Give again, exactly and only, the lines running from the one with "Габион матрац ГСИ-М" to the end of the material below; leave out pictures.

Records provided: Begin

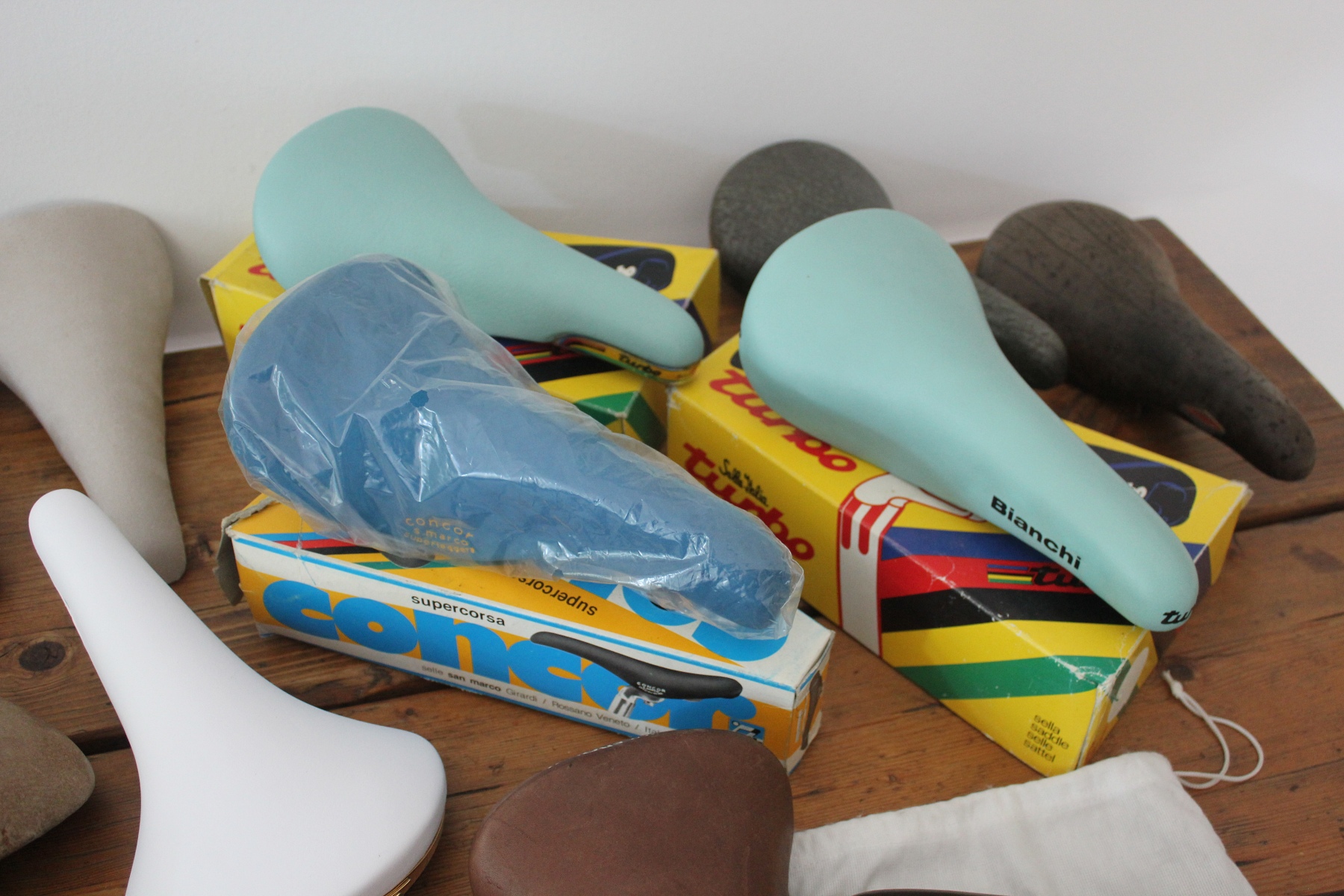 Neben den originalen und restaurierten Rennradsätteln habe ich auch neu aufgelegte Klassiker von Selle San Marco im Sortiment – darunter die legendären Modelle Rolls, Concor und Regal, die glücklicherweise wieder produziert werden.
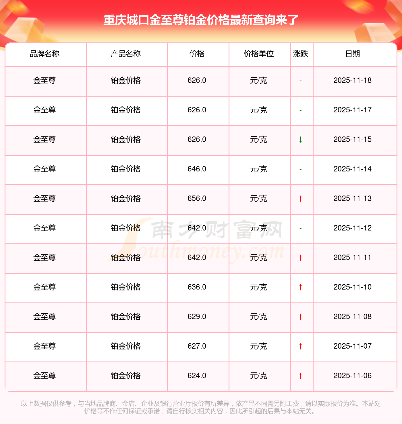 2025年11月18日,周大福、周大福、周大福、周大福、周大福、周大福、周大福、老凤祥、老凤祥、老凤祥、周六福等各大金店品牌铂金价格今日价格如下:周大福1288.0元/克、周大福626.0元/克、周大福1288.0元/克、周大福44770.0、周大福17820.0、周大福40390.0、周大福1127.0元/克、老凤祥1285.0元/克、老凤祥600.0元/克、老凤祥1285.0元/克、周六福1257.0元/克。
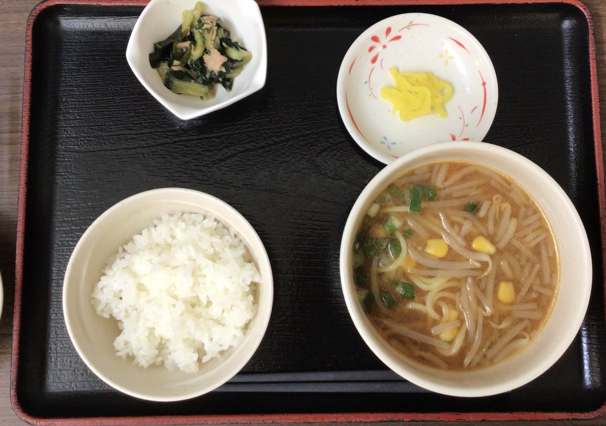 【昼食】 1.米飯 2.味噌ラーメン 3.青梗菜とツナの和え物 4.漬物
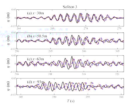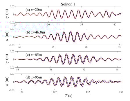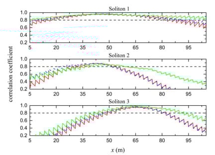 The correlation coefficient between the simulated solitons and the theoretical solitons along the flume is presented in Figure 5 (right). The black dashed lines indicate the 80% threshold. The persistence distance of the soliton is the interval above the black dashed lines, and it can be clearly identified from Figure 5 (right). There are remarkable differences between the three solitons in terms of persistence distance.
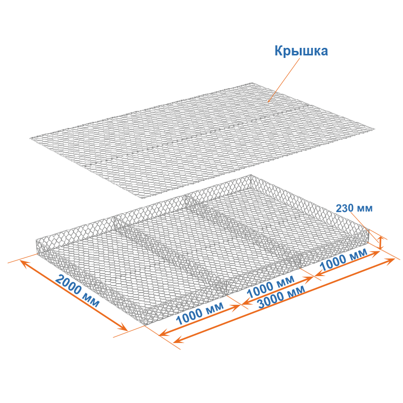 Габион матрац ГСИ-М 3х2х0,23 оцинкованный, Ø проволоки 2,4 мм, размер ячейки 6х8 см фото
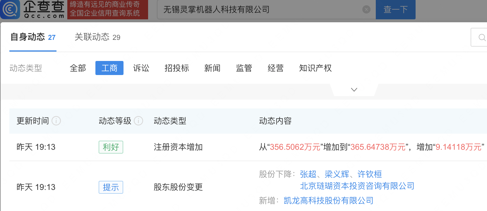 企查查APP显示,近日,无锡灵掌机器人科技有限公司发生工商变更,新增凯龙高科(300912)为股东,同时注册资本增至365.65万元。企查查信息显示,该公司成立于2024年,经营范围包含:智能机器人的研发;人工智能基础资源与技术平台;人工智能行业应用系统集成服务;人工智能公共数据平台等。

Records provided: End

**Solution for this task**
 Габион матрац ГСИ-М 3х2х0,23 оцинкованный, Ø проволоки 2,4 мм, размер ячейки 6х8 см фото
 企查查APP显示,近日,无锡灵掌机器人科技有限公司发生工商变更,新增凯龙高科(300912)为股东,同时注册资本增至365.65万元。企查查信息显示,该公司成立于2024年,经营范围包含:智能机器人的研发;人工智能基础资源与技术平台;人工智能行业应用系统集成服务;人工智能公共数据平台等。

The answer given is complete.